American tort law comes from the English common law. And there is an equivalent concept in European civil law. And the way that the common law of torts started out in England was that there were certain royal writs or causes of action that were created that covered situations that now we would refer to as torts. The most obvious one being someone who intentionally harmed someone else by, say, striking them with a sword or something like that. And you could then go to the royal courts and seek damages against the wrongdoer.
Now gradually over time, that was expanded to more and more situations where someone injured someone else or damaged someone else's property, whether it was intentional or whether it was accidental.

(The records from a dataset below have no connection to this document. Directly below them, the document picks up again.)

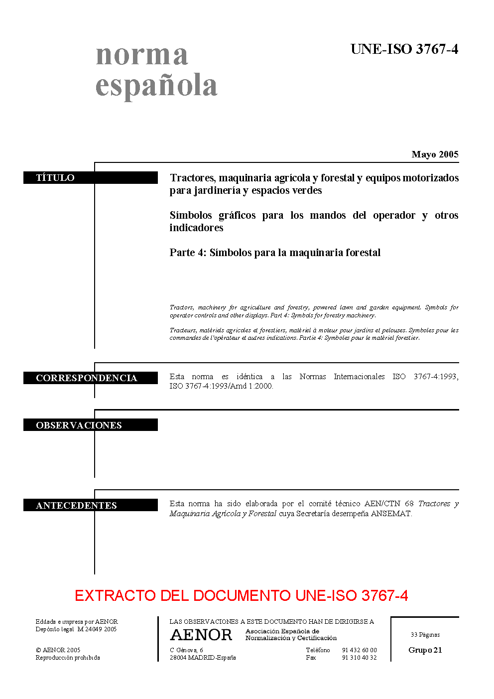 UNE-ISO 3767-4:2005
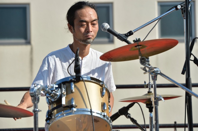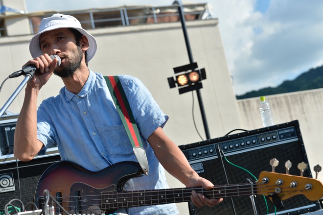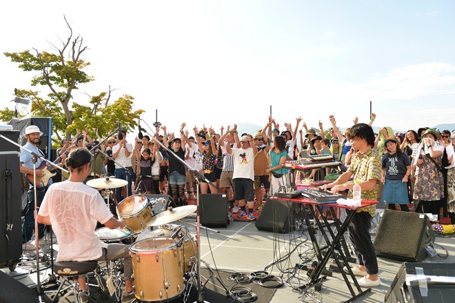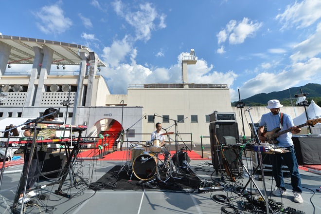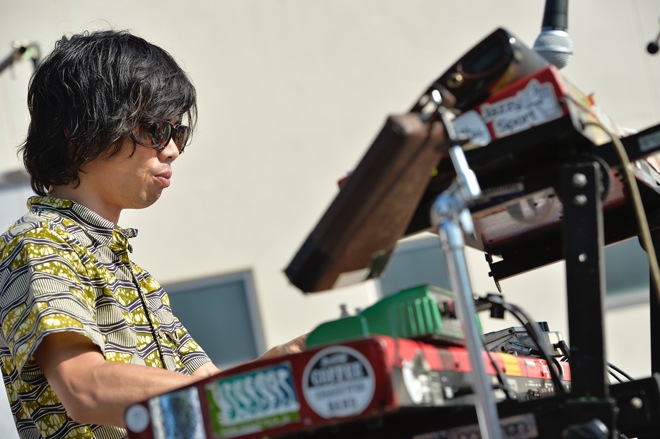 金子巧が奏でる静かなピアノの旋律からライヴが始まると、その音に導かれるようにステージに続々と人が集まってきたと同時に、蝶々や虫も舞い込んでくるのが野外フェスらしい。「ゆっくりやるんで、酒でも飲んでゆっくり楽しんでください」とコスガツヨシ。ジャムバンドらしく、曲は途切れなく続いているものの少しずつ変化して行く。トライバルなリズムに乗って緩やかなラウンジミュージック風な演奏を聴かせていたかと思うと、徐々にBPMを上げていき、スペイシーなシンセの音が加わると、とたんに世界が変わった。
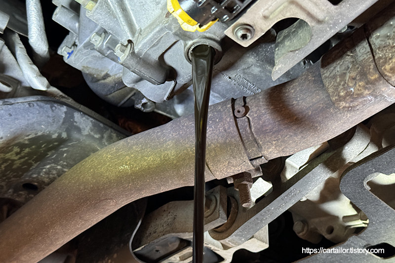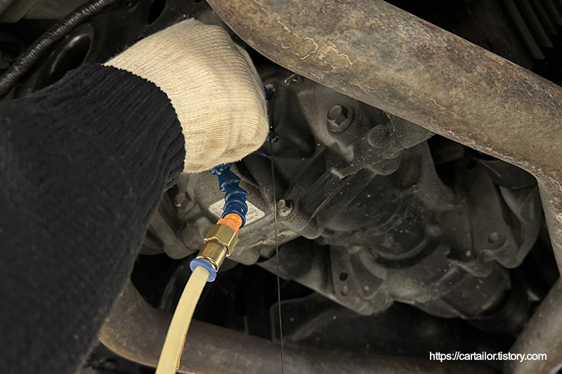 플러그를 개방 후, 오일을 석션합니다. 해당차량의 경우 디퍼런셜은 구조 상, 배출되는 플러그가 없기 때문에 석션 방식으로 기존 오일을 제거해야 합니다.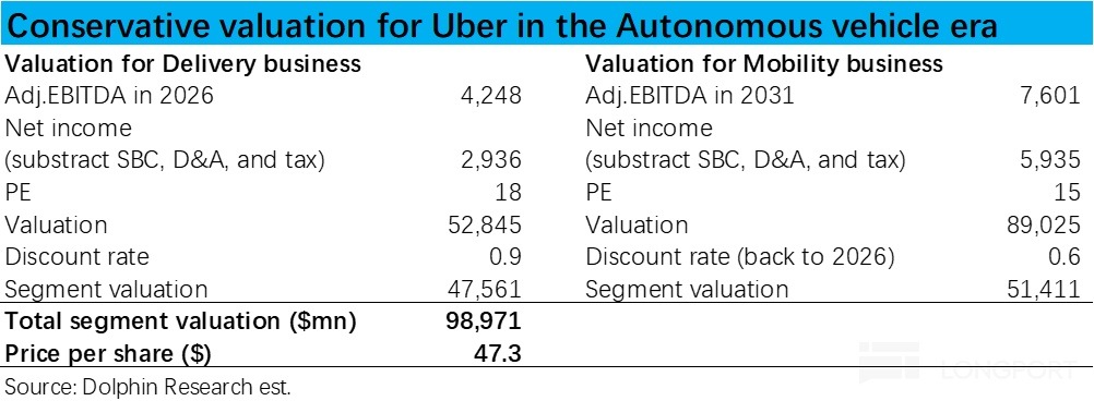 最終的估值上,① 首先外賣業務我們仍按照當前26年的盈利預期估值,基於26年的adj.EBITDA扣除股權激勵、攤銷折舊、和稅費後的測算淨利潤,給26e 18x PE。且雖然市場目前並不認為自動駕駛會直接影響外賣業務。但我們考慮到網約車帶動效應的減弱,按90%計算最終估值。

Tort law is related to property and contract law in that they are all from the common law of England, first of all, and they all involve private actions, mostly in private wrongs. So a property dispute, a contract dispute, or a tort dispute all involve people who are private people and they have brought the action without the government necessarily being involved except to resolve the dispute.
Now, you could say that all of these also involve transactions or economic matters at least some of the time, right? That is, that's more obvious for property and contracts, but torts can also involve economic transactions that go badly wrong and lead to an injury or property damage. Or you might more broadly say that economic activity is to some degree at the root of many tort cases or worse.
So if, if there's a carriage accident, for example, I mean, someone's presumably going somewhere, whether it's for business or personal travel and the carriage gets in an accident. Okay. So the, the tort is kind of an outgrowth of economic activity.
So you might say that the growth of Commerce, whether you want to call it the Industrial Revolution or other things like that, had a relationship to the evolution of the common law in all of these areas, maybe more particularly for torts because transportation is a big source of tort actions. And so as we got to, say, trains and cars and so on, then tort law became probably more prominent than it had been in earlier centuries.
But it took hundreds of years for these concepts to evolve to the point where people thought of Torts as a thing. That really didn't happen until the late 18th century, maybe 19th century, where these different kinds of injuries or remedies were then put together into a category called torts and thought of as being a single thing.